Diagnosis of early dementia was made according to the Diagnostic and Statistical Manual of Mental Disorders (14). Specific types of dementia were diagnosed according to the corresponding validated instruments (22,23). Pathological diagnosis was made on 56 participants of the DemVest cohort, with an accuracy above 80% compared to the clinical criteria (21).

Nutritional status

The Global Leadership Initiative on Malnutrition (GLIM) index was used to determine the nutritional status (24). Following inference rules, body mass index (BMI) and age were used to categorize individuals into 3 possible nutritional status groups: severe malnutrition, moderate malnutrition, or adequate nutritional status. Individuals whose BMI was less than 18.5 and were younger than 70 years and BMI less than 20 and 70 years or more were considered to be severely malnourished. Participants with BMI less than 20 and younger than 70 years of age and BMI less than 22 and older than 70 were considered to have moderate malnutrition. Participants who did not fit into the established categories were considered as not having malnutrition. As a required etiologic criterion, all studied participants had a diagnosis of dementia. For the primary set of analyses, moderate and severe malnutrition were analyzed together in a single group. We analyzed nutritional status at baseline and yearly during the 5 years of follow-up.
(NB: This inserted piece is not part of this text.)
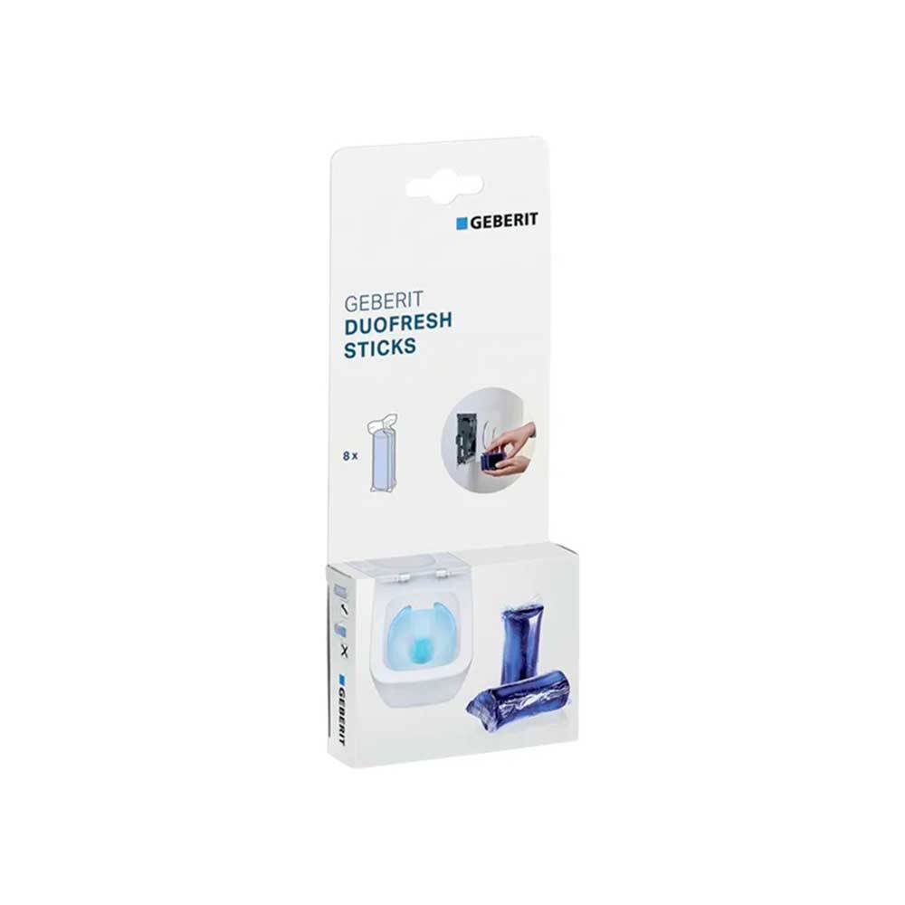 Scatola con 8 stick Geberit DuoFresh. Acqua di risciacquo, colore blu. Profumato, foglio protettivo, solubile in acqua. Biodegradabile.

MRI calculations of iMAT and muscle volume

Because this is a new method, we had to calibrate and determine the tissue thresholds for each machine. Thus, to reduce variability data from the center, only the images from Stavanger were used, and images from other sites due to different scanners and acquisition techniques were excluded. Baseline MRIs were acquired from a 1.5-T Philips Intera scanner using this acquisition protocol for 3D T1-weighted sequence: repetition time/echo time 10.0/4.6 ms, flip angle 30.0°, 2-mm slice thickness with 1-mm spacing between the slices (1-mm slices with no gap), number of excitations 2, matrix 256 × 256, and field of view 26 cm. We conducted a visual quality check procedure, discarding those with movement artifacts and inadequate image quality. A standardized preprocessing method for harmonizing multiple collections of MRIs was applied, which consisted of movement correction and intensity normalization.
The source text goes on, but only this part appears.